This discussion and post made me laugh out loud. I love it.
Macron holding a military parade: Camp
Trump holding a military parade: Kitsch
That little north Korean guy having a military parade EN.
So Macron, Trump, Korean guy? Camp kitsch En or Camp Kitchen.
Are fake wood station wagons camp??
At some point with my generation getting into “mid century modern” I think fake wood started to redeem itself a bit.
But damn was it everywhere in the 60’s/70’s. So you wake up and eat breakfast at your oak dinette set, has a formica “oak” pattern on the top. Fire up the Country squire with fake dionic paneling and head to the hardware store. Load up 4×8 sheets of dark oak fske paneling for that basement project. Pull up your brown couch with horses/barns on it(looks like a scene from bonanza) Of course the coffee table has a “wood” formica top, the zenith has more fake wood on the speaker grill. Then you get into a heated game of pong with your son, which of course the atari 2600 has even more FAKE WOOD on it.
I think we had a wood shortage back then. Had to sign a treaty with the beavers up in Alaska and Canada cause all the good NORAD radar sites were on their land. Part of the deal with the beavers was we could not cut down the forrest.
So nothing more ‘Murican than fake wood. If you dont like it, go back to Russia you commie bastard.
I’d say no – fake wood paneling was unironic in intention, everything we loved about wood (the looking at it, apparently) but cheaper and easier to care for. At least that was the intent.
My Focus has a 21st century version of this, fake aluminum paneling (the center console). While campy in execution, Ford was completely serious when it went with it.
As an early genXer, I’d call serious-intent fake aluminum tacky.
crap: adding a third group to an already suspiciously amorphous Venn diagram really muddies the water
It’s funny how amorphous it really is – most (but not all, per the comments) people like the fake wood paneling on the outside old Wagoneers, but very few seem to like fake wood appliques on the dashes of cars from the 70s/80s.
I was basically fine with the appliqués at the time: sorta tacky—but that’s ok. It was the proliferation of cheap fiberboard/wood grain vinyl entertainment centers in the late 80s that pushed my resting state view of appliqué to life is too short for this particular bullshit
You know: the KMart ones that 15 minutes of iced tea condensation left a permanent raised ring
The one thing I’ll say for them was they were less rickety than the IKEA versions that came on the scenes in the mid 90s.
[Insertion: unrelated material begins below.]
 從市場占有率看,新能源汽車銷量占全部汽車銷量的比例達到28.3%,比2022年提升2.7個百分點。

As a young Xer (almost old Millenial), I never got into any nostalgia for the 70s and 80s, especially fake wood on cars, wood paneling in homes, etc. For me they evoke mediocre times, not good ones. The middle class existence in the 80s felt like the working class existence today, but I guess that’s collective progress (which, to be clear, is being undone).
OTOH, my popcorn ceilings don’t bother me one bit. They hide minor damage and provide a little bit of needed texture to otherwise blank sheetrock.
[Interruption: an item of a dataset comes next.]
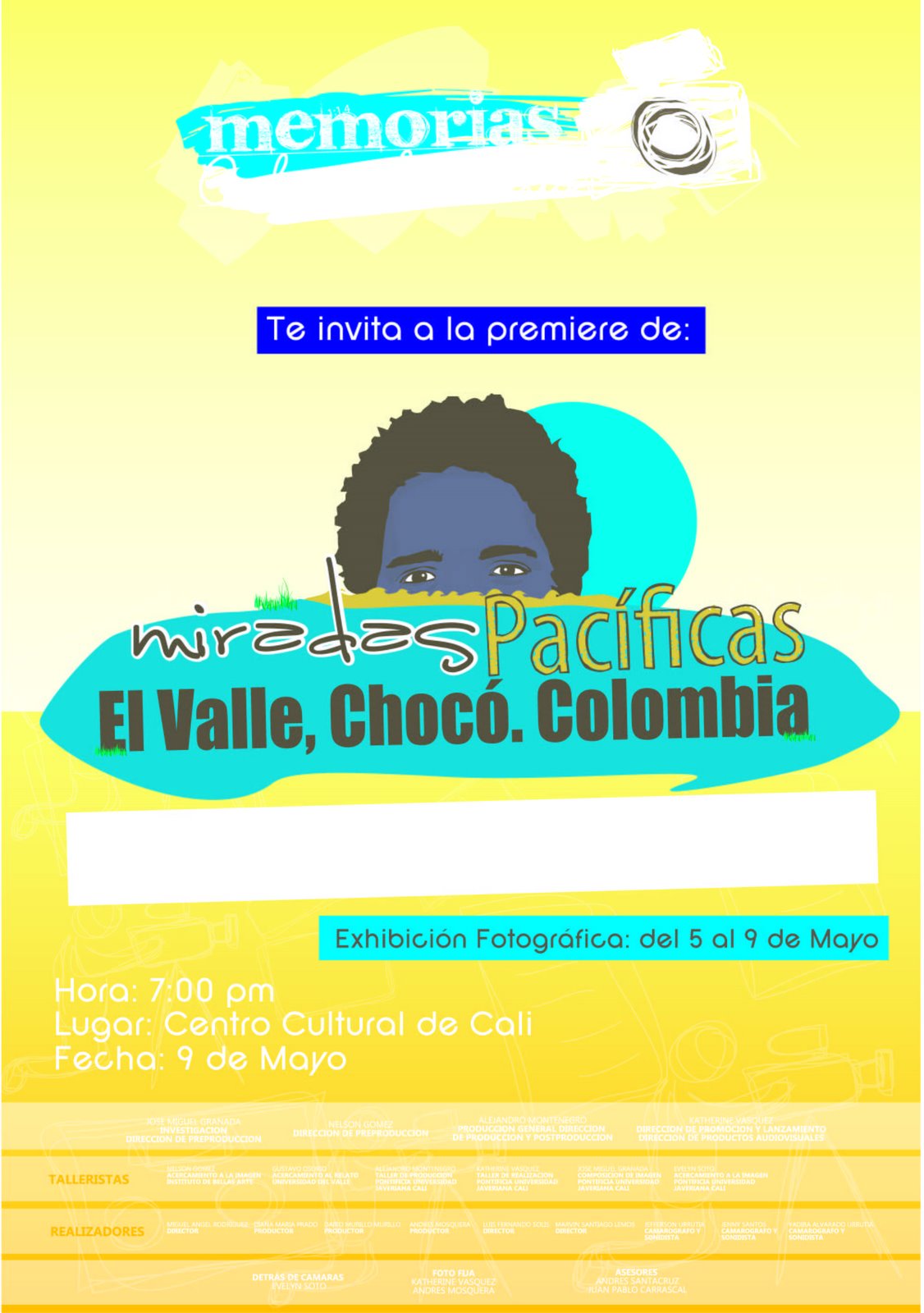 There we go again, and this time I am writing out to invite you to come and see the brilliant exposition “Memorias Colombianas” (Colombian Memories). There we will find great photographies taken in one of the poorest regions of our country: El Valle, Choco.

I am ambivalent about Plywood Pleasure Palace station wagons. I don’t hate it, I don’t love it, I would have chosen not to have it if I was buying one back in the day. None of my folk’s giant wagons did, but I suspect that was because they were cheapskate Yankees and didn’t want to pay for it. None of their barges even had air conditioning!
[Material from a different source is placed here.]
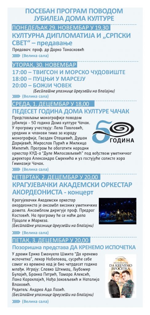 У ПETAK, 10. ФЕБРУАРА, У 19,30 ЧАСОВА, У ЛИКОВНОМ САЛОНУ КУЛТУРНОГ ЦЕНТРА ЧАЧАК БИЋЕ ОТВОРЕНА ИЗЛОЖБА СЛИКА МИЛИЦЕ РАИЧЕВИЋ Милица Раичевић (1974. Београд), визуелна уметница. Факултет ликовних уметности и магистарске студије завршила на Факултету ликовних уметности у Београду. Тренутно на трећој години PhD програма на Факултету савремених уметности у Београду. На интернационалној визуелној сцени последњих година присутна је са својим перформативним […]

I don’t get the angst over popcorn ceilings. Without them, houses tend to be a lot more echoey. It’s properly called acoustic ceiling treatment for a reason!
Though I HATE textured sheetrock. It’s not really a thing in Maine, but it is everywhere here in FL, and absolutely miserable to try to do anything to and get the pattern to match properly afterwards. I had to deal with it when I renovated my bathrooms. You rarely need to touch a ceiling.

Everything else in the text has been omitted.